DATA PROVIDED section start
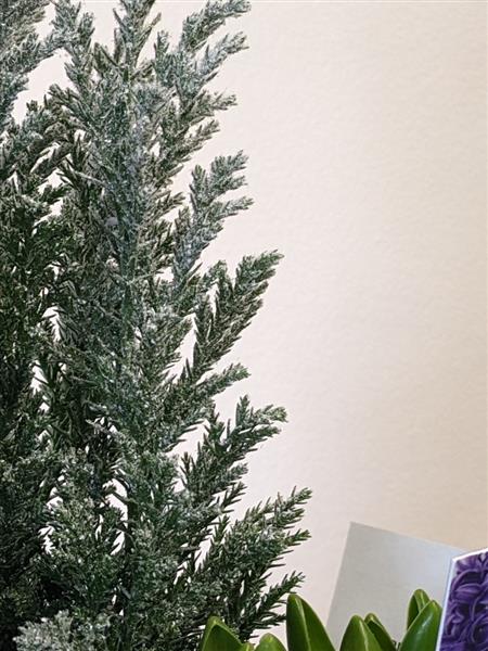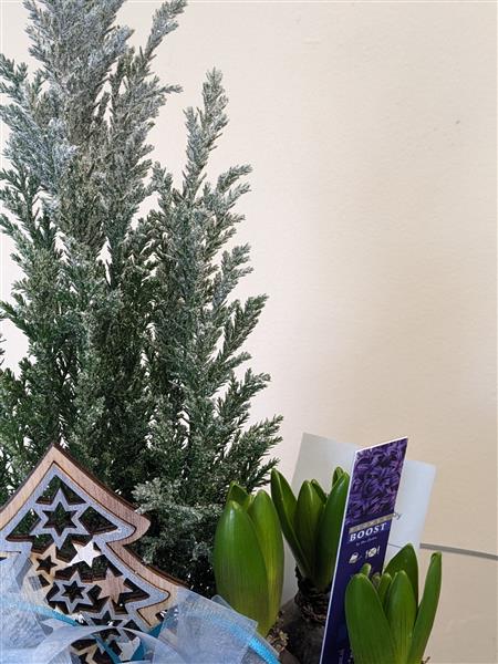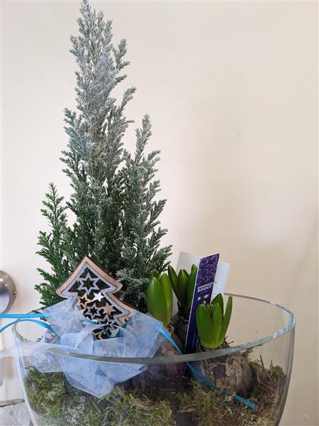 Small snowy Christmas tree with hyacinth bulbs in a glass vase. Hyacinths will vary in colour depending on stock
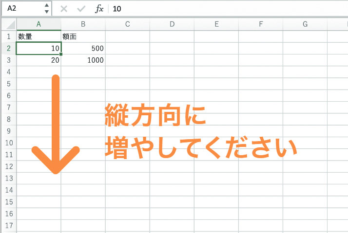 Excel(.xls, .xlsx)またはCSV(.csv)形式の専用ファイルで、注文する額面と数量を一括で登録できます。
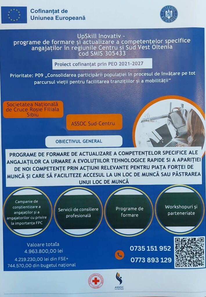 Cursul este organizat în cadrul proiectului „UpSkill Inovativ- programe de formare și actualizare a competențelor specifice angajaților în regiunile Centru și Sud-Vest Oltenia”, derulat între 1 septembrie 2024 și 31 august 2027.
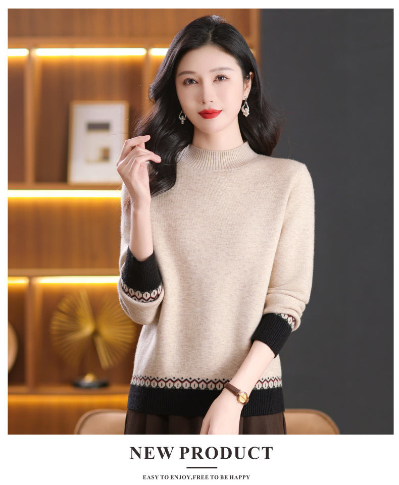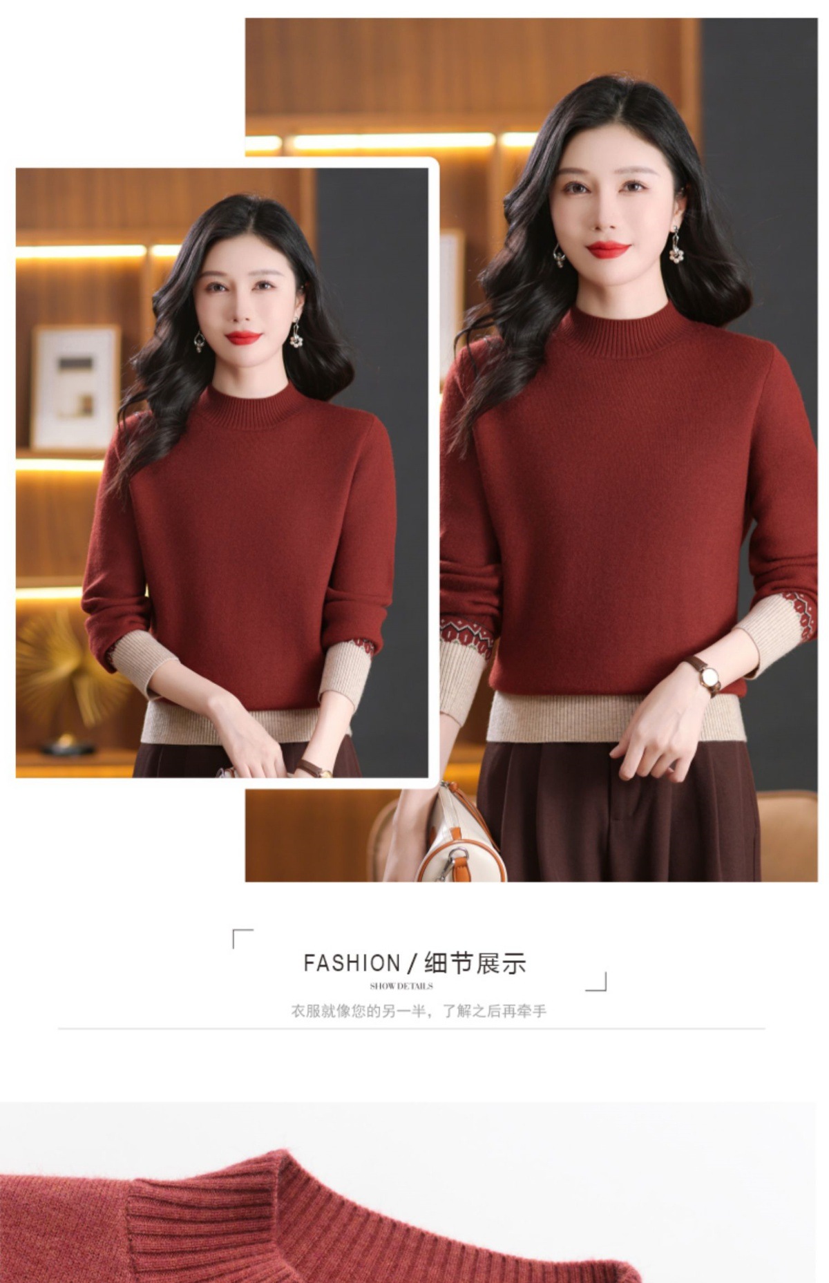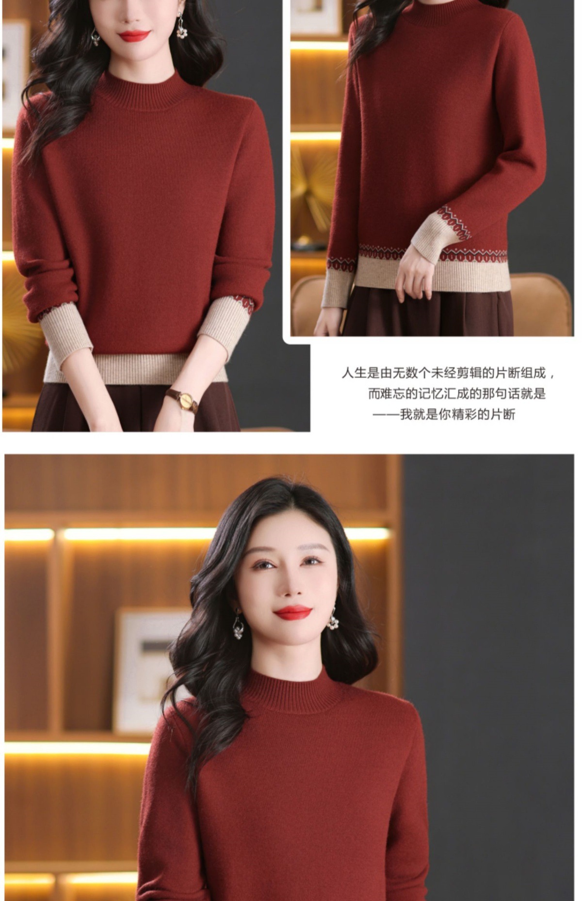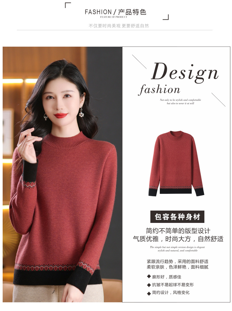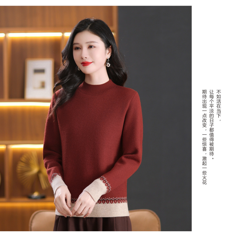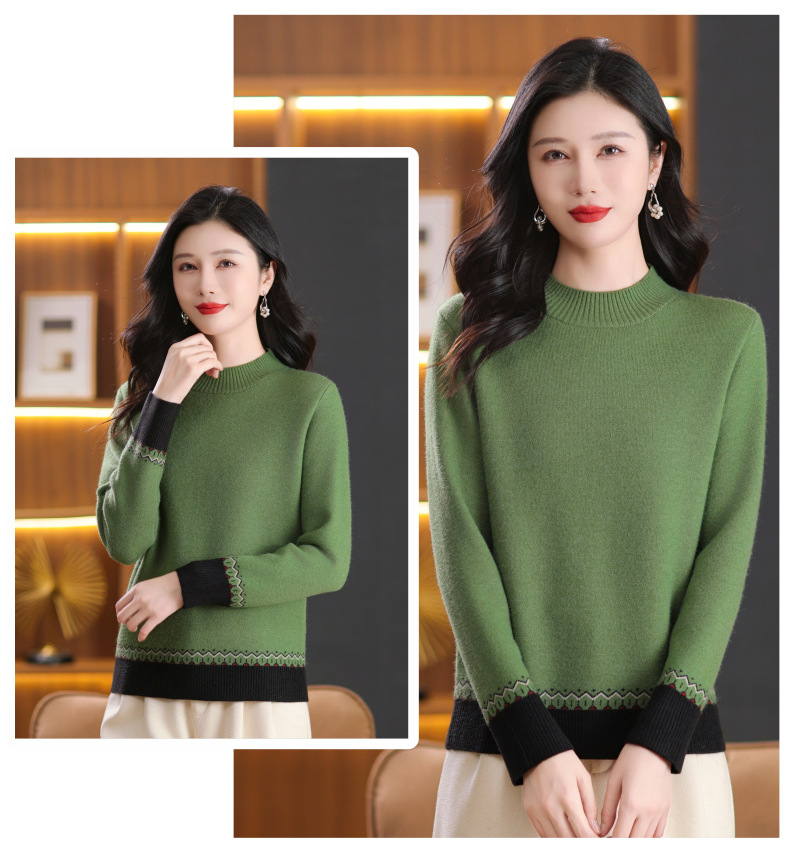 CC-103-66161秋冬季新款时髦简约拼色设计感针织一体绒打底衫毛衣通勤上衣
DATA PROVIDED section end
-- WHAT TO PRODUCE --
Pictures in the data above should not be copied; transcribe everything else exactly.

-- ANSWER FOR THIS EXERCISE --
 Small snowy Christmas tree with hyacinth bulbs in a glass vase. Hyacinths will vary in colour depending on stock
 Excel(.xls, .xlsx)またはCSV(.csv)形式の専用ファイルで、注文する額面と数量を一括で登録できます。
 Cursul este organizat în cadrul proiectului „UpSkill Inovativ- programe de formare și actualizare a competențelor specifice angajaților în regiunile Centru și Sud-Vest Oltenia”, derulat între 1 septembrie 2024 și 31 august 2027.
 CC-103-66161秋冬季新款时髦简约拼色设计感针织一体绒打底衫毛衣通勤上衣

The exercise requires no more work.